Revolutionary Museum Director to Display the Cultural Preservation of Salvadorans

When a country is terrorized by war, its people and history are sometimes forgotten. In an effort to preserve El Salvador’s historic memory, Carlos Henríquez Consalvi — a Venezuelan author, journalist, radio maker and museum director — created the Museum of World and Image (Museo de la Palabra y la Imagen) (MPI) after the Salvadoran civil war.

Venezuelan author, journalist, radio maker and museum director Carlos Henríquez Consalvi will host a presentation at CSUN. Photo credit: Oviatt Library

Venezuelan author, journalist, radio maker and museum director Carlos Henríquez Consalvi will host a presentation at CSUN.
Photo credit: Oviatt Library

Consalvi will give a presentation displaying documents, images and videos from the MPI to California State University, Northridge students on Friday, April 6, from 2 to 4 p.m. in Delmar T. Oviatt Library’s Jack & Florence Ferman Presentation Room. The library is located in the center of campus, located at 18111 Nordhoff St. The public is invited to attend the event.

“Since the time of the war, Consalvi has worked to inform the population about what was happening in spite of the censorship,” said Central American Studies professor Beatriz Cortez. “He established the Museum of World and Image after the war ended to build memory so that people could remember what happened.”

During the war, Consalvi went by the alias, Santiago, and established the radio station Radio Venceremos (We Shall Overcome Radio) — an underground radio station that broadcasted news and educational programs from the warzone within the mountains in Morazán, El.
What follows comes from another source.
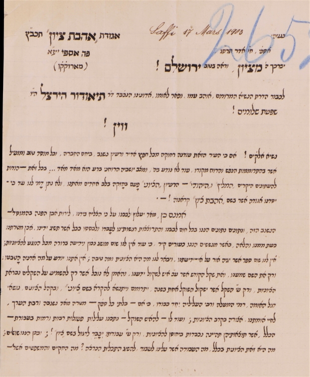 מכתבה של אגודת "אהבת ציון" לבנימין זאב הרצל משנת 1903 פותח לנו צוהר לראשית ההתארגנות הציונית במרוקו. זו התנהלה ללא כל הכוונה מגבוה וללא כל תיאום בין קבוצות שונות, שנענו לקריאה של התנועה הציונית לאחר ייסודה בקונגרס באזל ב-1897. כאשר נשלח מכתב זה כבר היו קיימות במרוקו שתי אגודות ציוניות בשתי קהילות רחוקות מאוד זו מזו: האחת - "שערי ציון" במוגדור, והשנייה - "שיבת ציון" בתיטואן (הוקמו בקיץ 1900), אך מהמכתב עולה, כי חברי אגודת "אהבת ציון" לא היו מודעים להן.

After the war, Consalvi established MPI, which holds the complete Radio Venceremos archive, more than 50,000 photographs, documents and personal testimonies of the civil war in El Salvador. The museum highlights the role of memory, social justice, human rights and non-official histories.

At the event, Consalvi also will discuss history, memory, and identity, as well as how diaspora — the dispersion of people from their original homeland — affected people in the past and present.

“I think it’s really important that he is coming here once more to have a conversation with us,” said Cortez. “Salvadorans that are part of diaspora need to be part of the historical memory of the war and immigration.”

Consalvi received the Prince Claus Award for outstanding achievements in the field of culture and development. He was a member of the United Nations Educational, Scientific and Cultural Organisation’s Memory of the World Programme Committee for Latin America (MOWLAC) from 2014–2017.

The event is co‐sponsored by the Oviatt Library, Mike Curb College of Arts, Media, and Communication Distinguished Speaker Series, the Department of Central American Studies, and the Department of Journalism.